## EXERCISE GOAL
Your answer should give again, exactly, the lines from the beginning of the entries below through the line containing "De Lulu Print". It must contain no pictures.
(DATA IN THIS EXERCISE Opens)
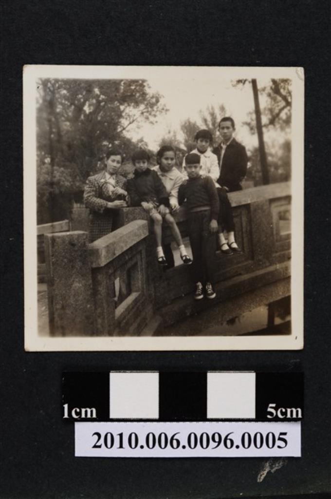 六人依靠於拱橋欄杆合影之照片
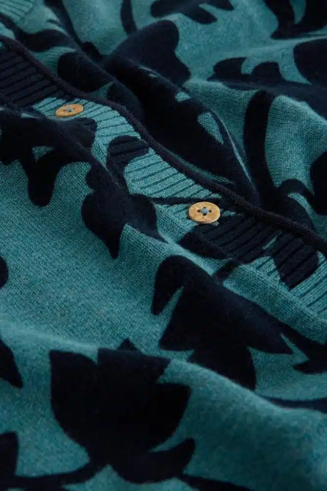 De Lulu Print Cardi is gemaakt van 100% biologische katoen. Dit materiaal wordt geteeld zonder schadelijke pesticiden en voelt heerlijk zacht en ademend aan. Het is een bewuste keuze die bijdraagt aan een verantwoorde garderobe, zonder dat stijl en draagcomfort worden ingeleverd.
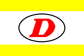 White flag with two narow stripes in top and bottom and a red D inscribed in a black oval in the middle.
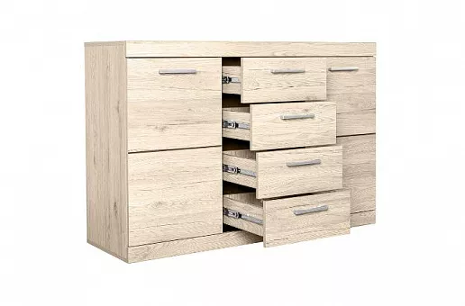 Тумба 2D4S OSKAR – универсальный предмет мебели с функциональным наполнением – вот что необходимо для оформления стильного и современного интерьера. Тумба 2D4S OSKAR имеет прямую конструкцию. Конструкция элемента представляет собой два отделения с полками из ЛДСП за глухими дверями (2D), четыре выдвижных ящика (4S), расположенных друг над другом. Двери распашные, крепятся на петли к боковому корпусу изделия.
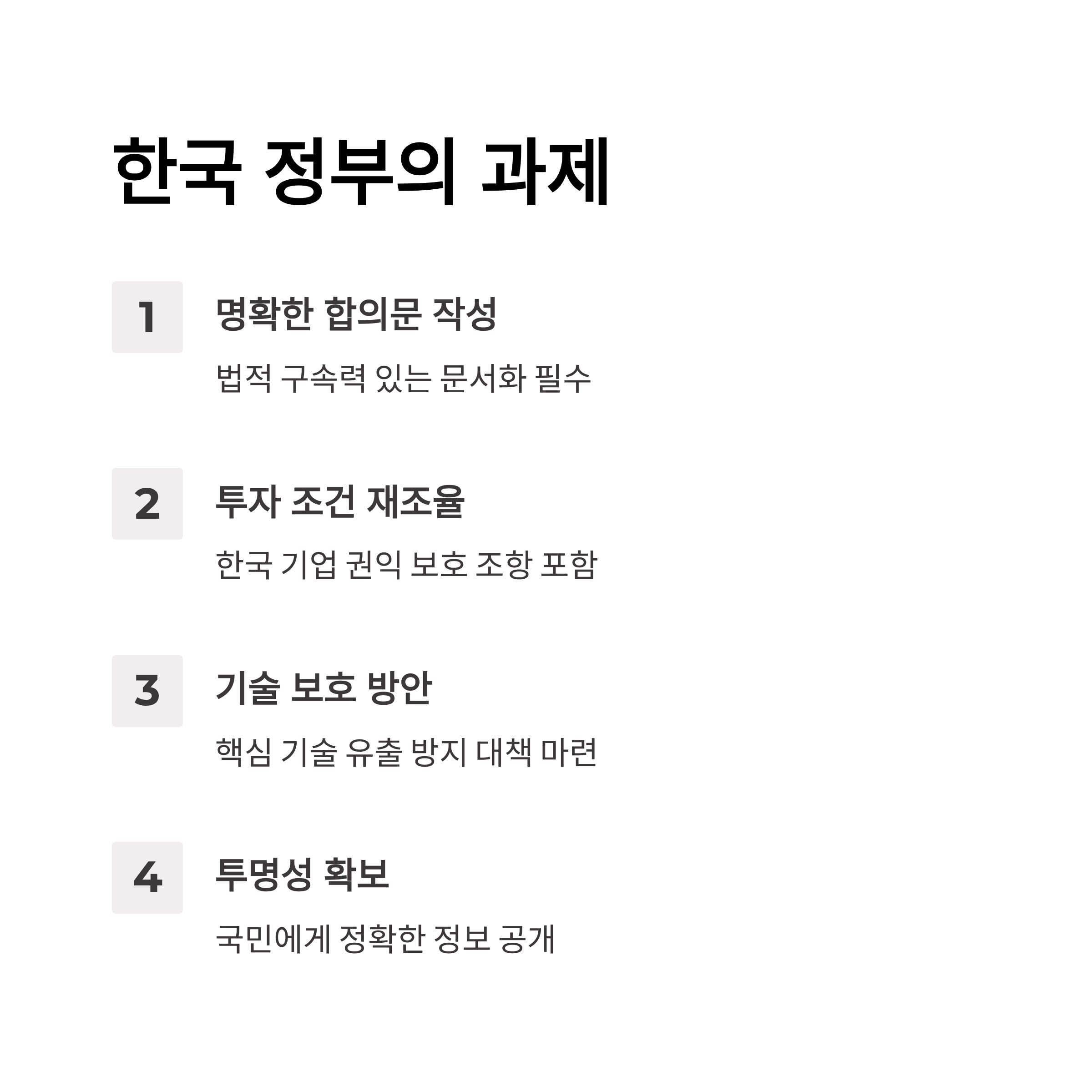 따라서 한국 정부는 이번 협상의 불확실성을 해소하는 방향으로 명확한 합의문 작성과 투자 조건 조율에 나서야 한다. 또한, 외국 자본 유치 과정에서 국내 기업의 권리와 이익이 보호받을 수 있도록 구체적인 정책을 마련해야 한다. 무엇보다도 국제 협상에서 신뢰와 투명성을 유지하는 것은 상호 이익을 실현할 수 있는 핵심 요소라는 점에서 더욱 철저히 준비해야 할 것이다.
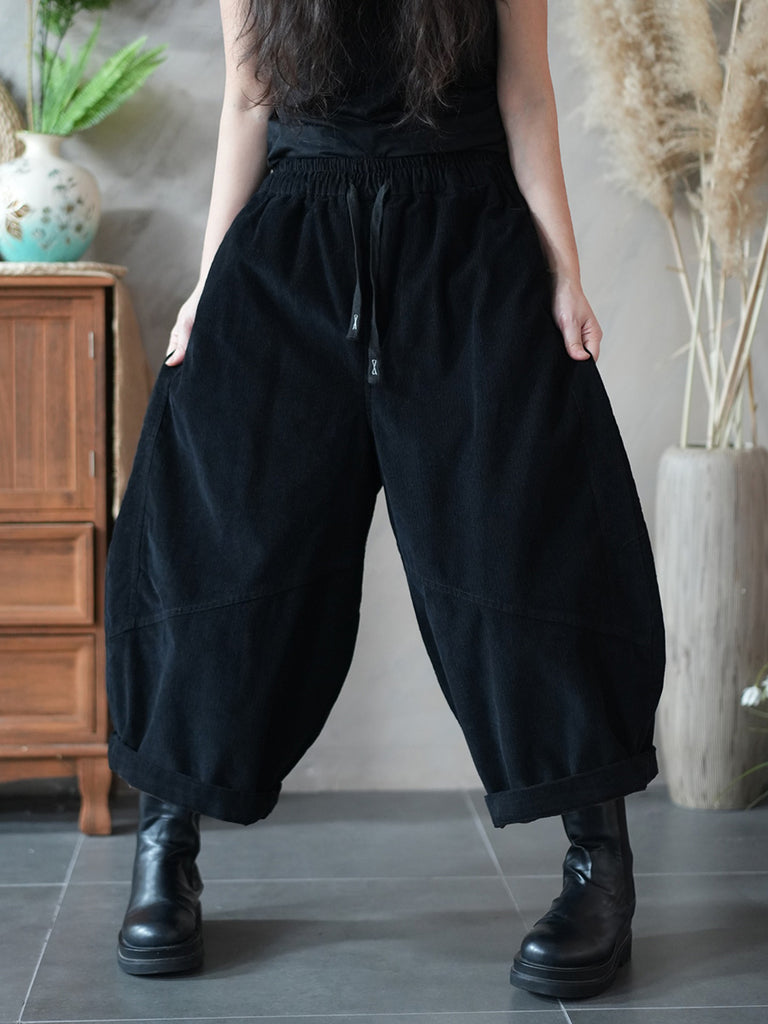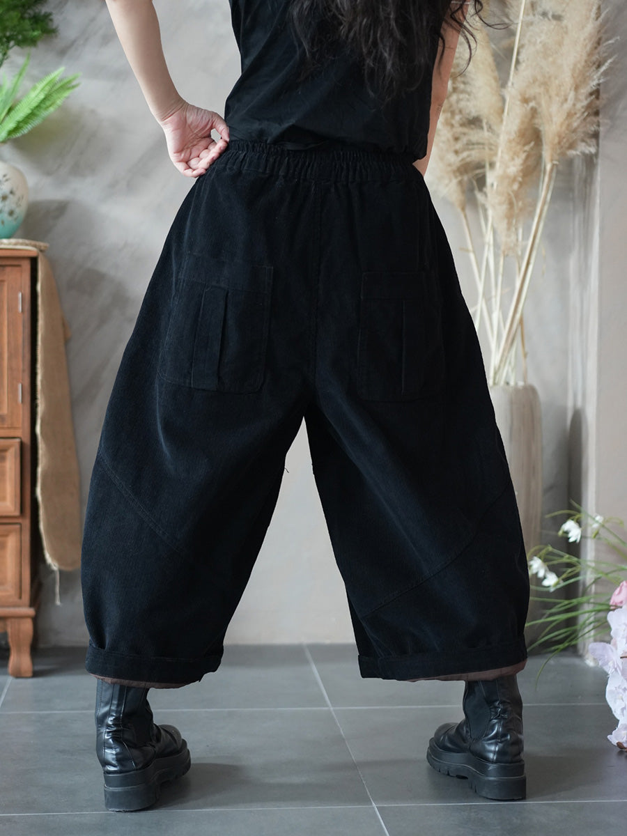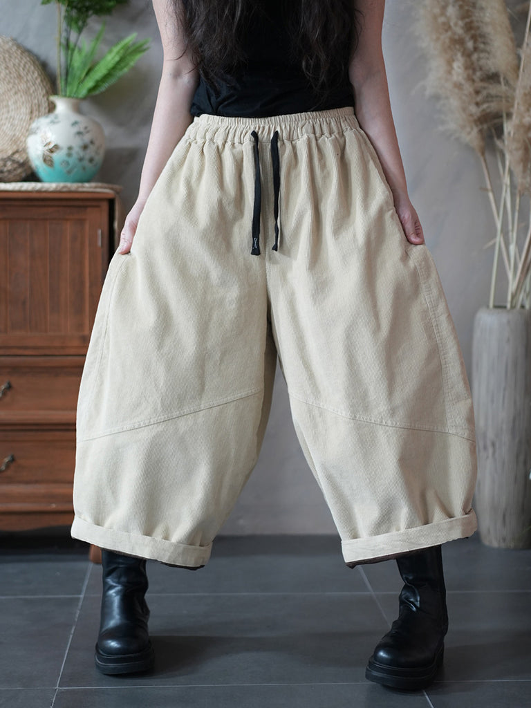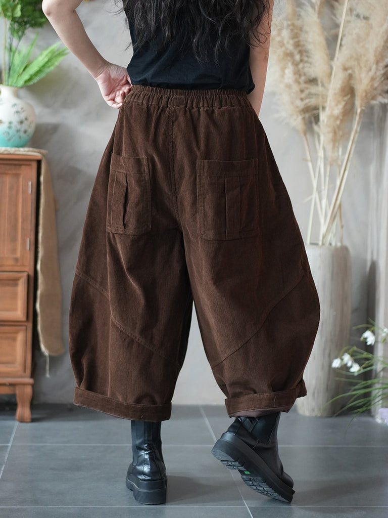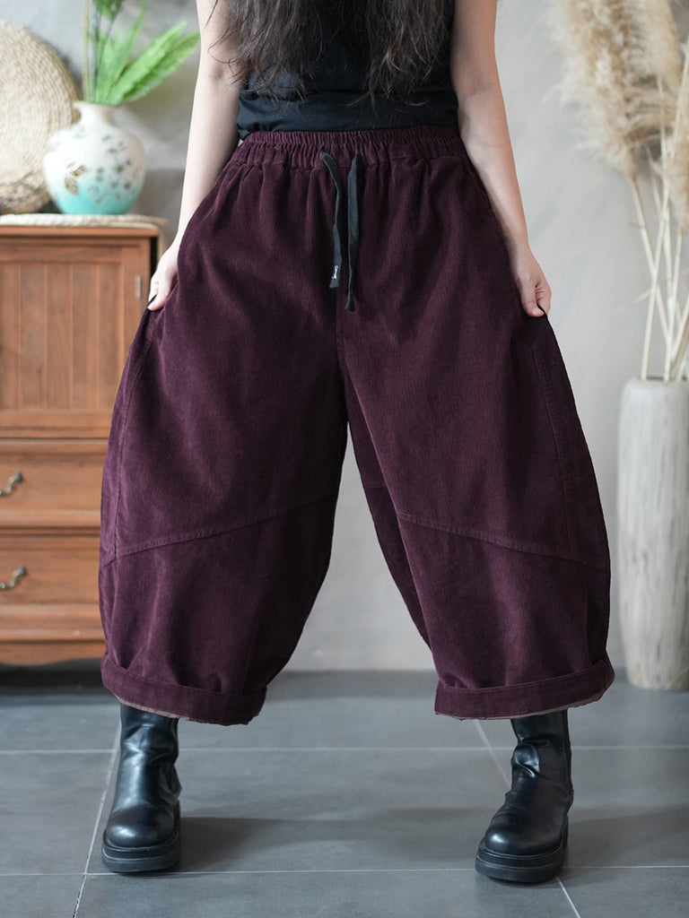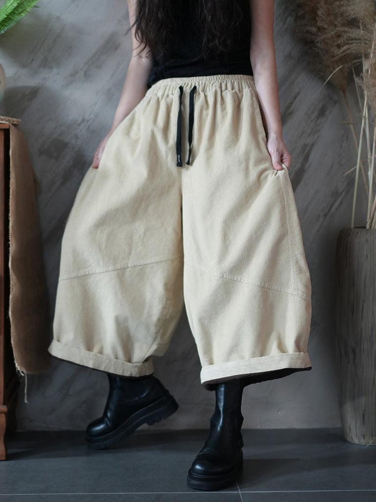 Pantalones anchos de pana de color puro retro de invierno para mujer
(DATA IN THIS EXERCISE Closes)
## FINISHED EXERCISE
 六人依靠於拱橋欄杆合影之照片
 De Lulu Print Cardi is gemaakt van 100% biologische katoen. Dit materiaal wordt geteeld zonder schadelijke pesticiden en voelt heerlijk zacht en ademend aan. Het is een bewuste keuze die bijdraagt aan een verantwoorde garderobe, zonder dat stijl en draagcomfort worden ingeleverd.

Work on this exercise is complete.